ARTBA Economist Looks Ahead; Sees Market Growth

Alison Premo Black, senior vice president and chief economist at the American Road & Transportation Builders Association (ARTBA) presented a webinar on what the construction industry has seen in the first half of 2018 and what to expect as the year rolls on.

According to the webinar, total transportation construction activity year-to-date is up 5 percent ($47.8 billion) from 2017 ($45.8 billion).

“After the five months of 2018 recorded, we’ve completed about 34 to 35 percent of all of the work we will see in a year,” said Black. “If the current trend continues, at year-end we should see $136.5 billion in activity ($134 billion in 2017). That would equate to a real growth of about 2 percent for total transportation construction activity in 2018.” 

In addition, growth for highway construction alone should be up 2 to 3 percent for the entire year. 

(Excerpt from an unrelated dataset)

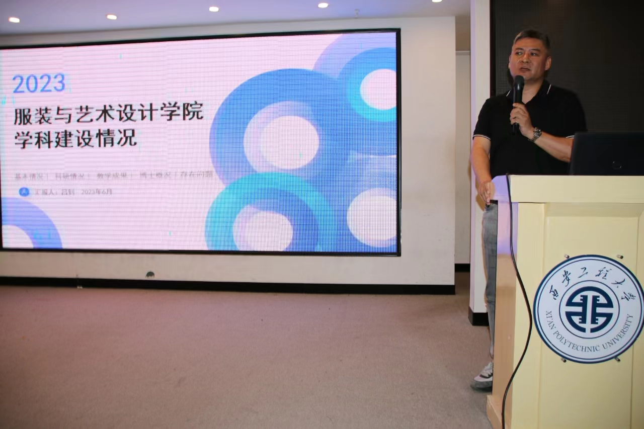 吕钊院长在大会上做学院学科建设专题报告。他首先将学院目前学科建设的基本情况进行了介绍,肯定了学院在师资力量、教学成果等方面取得的成绩,分析了学院的优势学科设计学的有关情况,也指出学院在软科排名具体指标上还存在一些短板与不足之处,并分析了造成这些问题的具体原因。他特别要求全院青年教师积极参与人文、艺术等方面的科研,多撰写相关专业论文,努力提升自己的学历与职称,为学院学科建设做出积极贡献。最后,他对下一阶段学院学科建设提出了具体工作要求。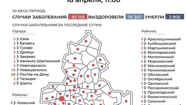 Ростовская область, 18 апреля 2021. DON24.RU. В 48 муниципалитетах Ростовской области зафиксированы новые случаи заболевания COVID-19, сообщает портал донского правительства. По городам картина складывается разная. Если в Ростове выявлено 98 зараженных, то в других крупных городах - значительно меньше. В Таганроге, втором по численности населения городе донского края, обнаружили двух инфицированных, в Шахтах (третий по численности город) - шестерых. Второе место по приросту занял седьмой по численности населения город - Новошахтинск. Здесь вирусом заразились 10 горожан. Еще семь - в Каменском районе. По другим территориям положение дел выглядит так: по шесть зараженных - в Азовском, Зерноградском, Сальском, Семикаракорском районах, по пять - в Гукове и Неклиновском районе, по четыре - в Белокалитвинском, Кагальницком, Миллеровском, Морозовском, Мясниковском, Орловском, Цимлянском районах, по три - в Батайске, Донецке, Новочеркасске, Аксайском, Багаевском, Красносулинском, Куйбышевском районах, по два - в Азове, Звереве, Каменске-Шахтинском, Таганроге, Веселовском, Дубовском, Егорлыкском, Константиновском, Мартыновском, Ремонтненском, Тарасовском, Тацинском, по одному - в Верхнедонском, Волгодонском, Заветинском, Милютинском, Обливском, Октябрьском, Песчанокопском, Пролетарском, Советском, Усть-Донецком, Целинском, Чертковском районах. В ковидных госпиталях от коронавируса лечатся 1963 пациента. В тяжелом состоянии на инвазивной ИВЛ находятся десять человек, на неинвазивной ИВЛ – 164 человека. Койки в моногоспиталях заполнены на 77,3%. Умер 21 человек. Общее число зараженных в донском крае превысило 85 тысяч, из них более 76 тысяч избавились от болезни. К слову, сегодня ростовских туристов будут вывозить из охваченной коронавирусом Турции.

While bridge construction is down 8 percent in 2018 ($2.8 billion in 2017), airport construction is more than making up with more than a 64 percent growth in 2018. 

With the lack of an infrastructure bill, states are starting to come up with their own funding measures. Currently, there are 215 transportation-related funding bills in 2018 in 39 different states. 

In 2017, voters approved $4.25 billion in transportation funding initiatives and while it is still very early in the November 2018 election process, there are already more than 100 measures in ballot initiatives for transportation funding in the works. 

The two-year budget agreement passed earlier this year agreed to increase infrastructure spending by $5.2 billion for “infrastructure” each year for two years. Under the FY18 Omnibus Appropriations Bill, total federal infrastructure spending is up $7 billion in the asphalt pavement market, a 15 percen tincrease.

But 2020 is just around the corner. ARTBA Executive Vice President of Advocacy David Baurer warned that if we do not find anything to take place of two-year budget agreement, the Highway Trust Fund (HTF) crisis will return. 

To maintain the current highway spending levels beyond 2020, Congress will have to find an additional $93 billion to write a five-year bill and $115 billion for a six-year surface transportation bill.

Representative Bill Shuster, who is also chairman of the Transportation & Infrastructure Committee, released an infrastructure plan that would generate $284 billion over a 10-year period.

To do this, he proposed a 15-cent gas tax increase, an electric vehicle battery tax, a 4.3-cent tax on commuter trains, a bicycle tire tax and a vehicle miles traveled pilot program.  

“The Shuster proposal supports growth and gets the Highway Trust Fund out of an immediate insolvency crisis,” Bauer said. “He realizes that raising the gas tax is not a sustainable solution, but it’s a state. The goal would be to find a long-term solution to the Highway Trust Fund and once we figure out funding, that can happen very quickly.”